The mace is removed after harvest and dried separately, the colour fades from a brilliant red to a deep orange amber, and the seed shrinks a little, the nutmeg inside can be heard rattling around. Fresh nutmeg has to be refrigerated, but dry can keep for a very long time.

The fruits have for a long time been left to rot where they fell, becoming compost for the tree, until that is I discovered that they are edible! The flesh is very woody and while subtly flavoured like nutmeg, hardly sweet. I've been making jam and it's very good. It comes out with an apple butter texture and a warm, sweet nutmeg flavour - excellent with ginger scones!
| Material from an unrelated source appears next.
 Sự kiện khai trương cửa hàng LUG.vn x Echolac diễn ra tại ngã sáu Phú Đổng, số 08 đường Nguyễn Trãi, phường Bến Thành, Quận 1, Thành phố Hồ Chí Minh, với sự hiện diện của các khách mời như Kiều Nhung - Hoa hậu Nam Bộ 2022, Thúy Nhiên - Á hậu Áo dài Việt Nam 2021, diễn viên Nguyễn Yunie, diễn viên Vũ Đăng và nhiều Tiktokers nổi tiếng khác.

-nutmeg fruits, the fresher the better, but soft is fine too
-brown sugar
-a little nutmeg, cinnamon and ginger (last two are optional)
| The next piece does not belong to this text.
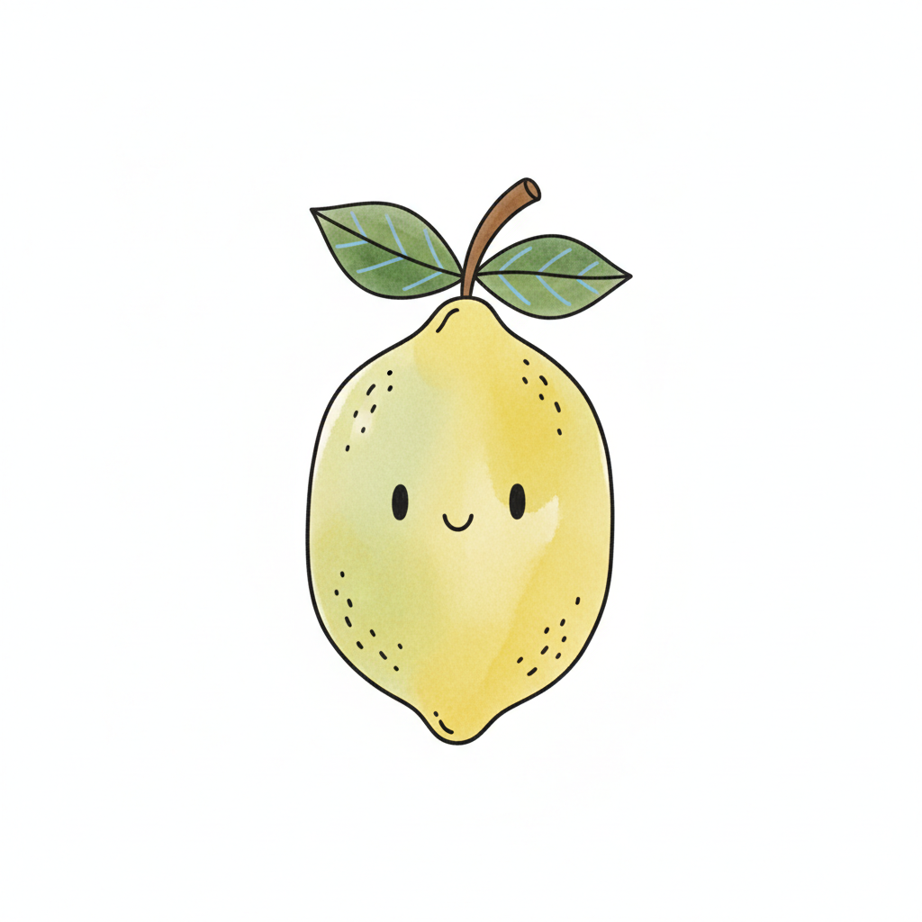 Eine süß gezeichnete Zitrone mit einem lächelnden Gesicht.

Wash, peel and cut the fruit finely. Add water to cover and boil until soft, and until 1/3rd of the water has boiled off. Blend to a paste, weigh and add an equal amount of brown sugar. Add some grated nutmeg, about 1/4 teaspoon for every pound of fruit - depending on taste of course, cinnamon and ginger can also be added at this stage. Return to pan and bring to a boil, stirring constantly. Cook until the preserve thickens (a spoon will make a clean trail when drawn across the bottom of the pan) - you can also test for readiness by dipping a spoon and allowing it to cool - if this sets, then your preserve is ready. Bottle in clean, sterilized jars and seal in a hot water bath. Enjoy!